Наверное, от нее — в крови — передалась мне страсть к пению: она играла на гитаре, пела цыганские романсы, а я, конечно, за нею повторяла «Очи черные», «Бирюзовые колечки» или городские романсы. Бывало, соберутся гости, и тут же: «Галя, спой!» В таких случаях я почему-то залезала под стол. Публики я совершенно не боялась — наоборот, очень рано почувствовала в ней потребность: петь для себя самой было неинтересно, нужны были сопереживатели, сочувствующие. Но, вероятно, мне хотелось особой, таинственной атмосферы, хотелось уйти от реальности и создать свой мир. И вот из-под стола несется: «Очи чер-ные, очи страст-ные, очи жгучие и прекра-а-а-а-с-ные…» Мне только три года, а голос мой как у взрослой. Я родилась с поставленным от природы голосом, и окружающим странно было слышать такой сильный грудной звук, воспроизводимый горлом совсем маленькой девочки. Услышав аплодисменты, я вылезала из-под стола, раскланивалась и, окрыленная успехом, начинала изображать то, что пою. Вот такая, например, песенка:

 

Девушку из маленькой таверны

Полюбил суровый капитан,

Девушку с глазами дикой серны

И с улыбкой, как ночной туман.

 

Я исполняла этот «шедевр», стоя на стуле, — такая мизансцена казалась мне очень эффектной, потому что, когда подходил смертный час несчастной девицы «с глазами дикой серны», можно было кинуться в море с маяка (то есть со стула на пол) и изображать утопленницу. Все были в восторге. Тут же я плясала цыганочку, трясла-поводила плечами и кричала: «Чавелла!»
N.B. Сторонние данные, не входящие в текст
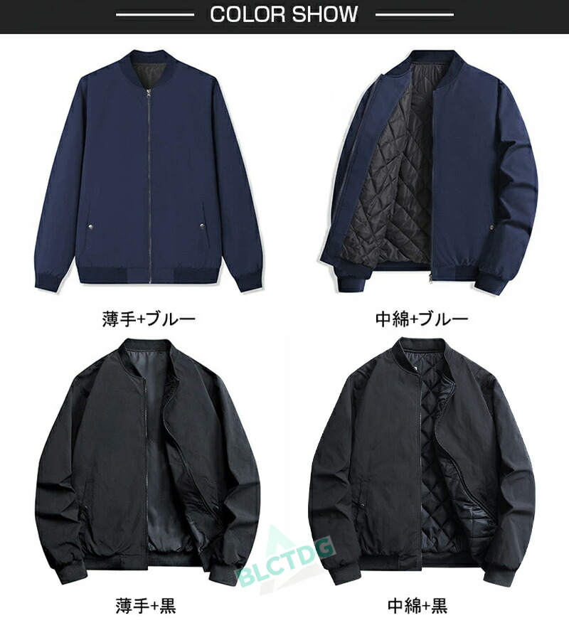 フライトジャケットメンズ薄手中綿入りM コート ジャケット 続々入荷中 S M L XL 2XL 3XL 薄手+ブルー 中綿+ブルー 薄手+黒 中綿+黒
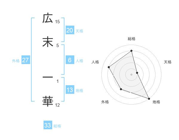 広末 一華さんを姓名の画数から五運を鑑定
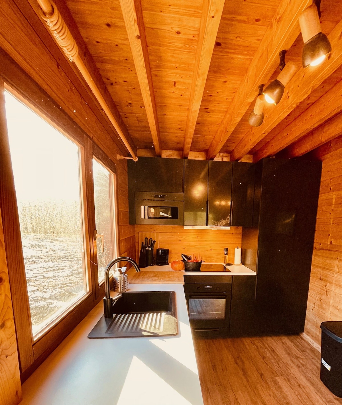 Chalet rilassanti f 'pajsaġġ paċifiku. Għal koppji, tfal u pets. Kċina mgħammra, stufi tal-injam, airco, kamra tas-sodda 1 b 'sodda doppja u veduta panoramika, kamra tas-sodda waħda b' żewġ sodod (taraġ wieqaf, minħabba l-forma trijangolari tal-cottage) + sufan sodda, kamra tal-banju, WiFi, Netflix. BBQ. Sawna fuq barra b 'veduta panoramika. Lest biex tiskopri n-natura. Kummerċjali megacentre 5 km 'il bogħod
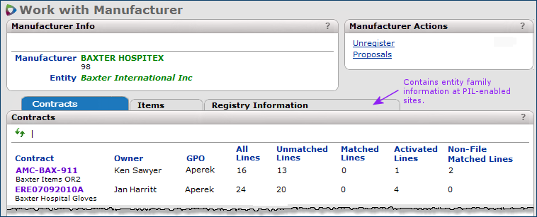Most hospitals purchase supplies from large, nationally known vendor/distributors such as Abbott Laboratories, Inc. and Cardinal Health; and from national manufacturers such as Johnson & Johnson, Ethicon, and others. Services vendors may also include national companies such as Hertz, ADP, ARA, and others. The Product Index Layer (PIL) includes parent and child entities for these "universal" suppliers that you can register to the specific subsidiary (e.g., Abbott Diagnostics, Allegiance Inc.) that your hospital uses.
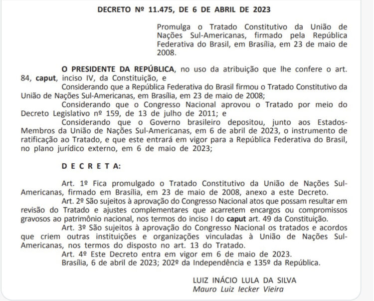 Por, otro lado, Lula en su cuenta de Twitter escribió «Brasil volta a integrar a União de Nações Sul-Americanas (Unasul), fundada em 2008 durante o auge dos governos de esquerda na região. A saída do país do bloco se deu em 2019, durante o governo Bolsonaro, para integrar o Prosul ao lado de
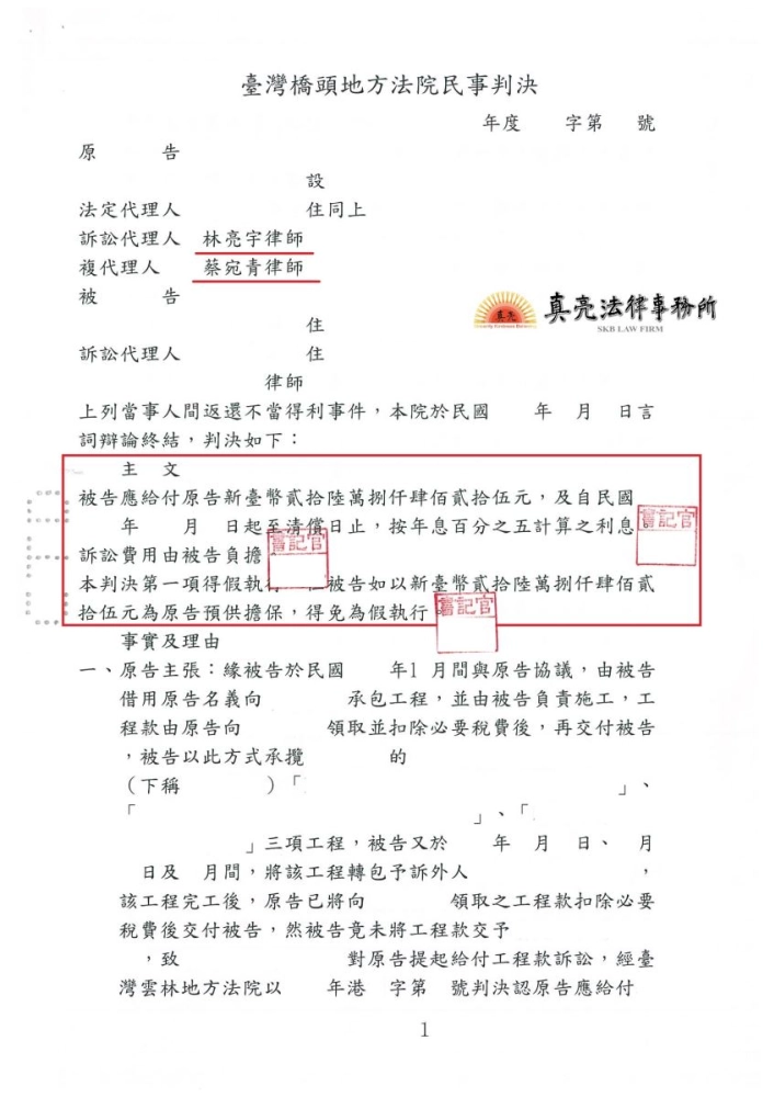 「受託代為執行工程,收取報酬後竟然不給付給分包商,經真亮法律事務所辦理,委託人獲【勝訴】判決確定!」由真亮法律事務所製作,以創用CC 姓名標示-非商業性-相同方式分享 4.0 國際 授權條款釋出。

У матери, от природы музыкальной, был небольшой приятный голос. Отца Бог наградил замечательным драматическим тенором. Когда-то он мечтал стать певцом, но, как многие русские люди, был подвержен «слабости», весьма распространенной, — пьянству.

Напившись, любил петь ариозо Германа из «Пиковой дамы»:

 

Что наша жизнь? — Игра!

 

Тот единственный год, что я прожила со своими родителями, оставил в моей памяти лишь несколько коротких, но на всю жизнь четко запомнившихся эпизодов.

Вот я сижу у окна нашей «дачи». Это такая же изба, как и все остальные в деревне, только чистая, с ситцевыми занавесками на окнах, да еще с городской мебелью. Осенняя слякоть, идет дождь, но по улице бегут люди, что-то крича и плача. Из распахнутых дверей избы напротив какие-то мужчины выволакивают узлы, кастрюли, одеяла, подушки и кидают в телегу, запряженную тощей лошадью. Рядом стоит хозяйка избы, за ее подол ухватились ревущие дети, с которыми я всегда играю на улице. А у телеги мечется и воет их бабка. Она вцепилась своими корявыми руками в медный самовар, и ни за что не хочет отдавать его двум здоровенным мужикам, и все кричит только одно:

— Ироды!.. Ироды!.. ироды!..

В детскую память навсегда врезалась картина того осеннего хмурого дня: грязная дорога, толпа крестьян, и на их серо-черном фоне — прыгающий в руках старухи ярко-желтый, блестящий солнцем медный самовар. И еще — впервые услышанное странное слово «ироды».

Через много лет я пойму, что это было начало коллективизации, «раскулачивание», что мой детский мозг запечатлел картину разорения русского крестьянства.

А вот мы с матерью идем лесной дорогой, и вдруг из машины, идущей навстречу, какой-то мужчина на ходу выбрасывает нам две буханки хлеба. Мать прячет эти сокровища в сумку, а мне велит никому не рассказывать. Того незнакомца я встречу потом у нас в доме. Я очень хорошо понимаю, что мать не любит отца. Когда его нет дома, появляются мужчины, мать совершенно преображается, становится еще красивей. Мне кажется, что она и меня не любит. Я за нею тихонько наблюдаю, подсматриваю — каким-то странным чутьем ощущаю, что мать меня боится — боится, что расскажу отцу. Меня это ужасно обижает. Когда отец дома, то и дня не проходит без скандала — наверное, соседи рассказывают ему, что в его отсутствие часто бывают гости.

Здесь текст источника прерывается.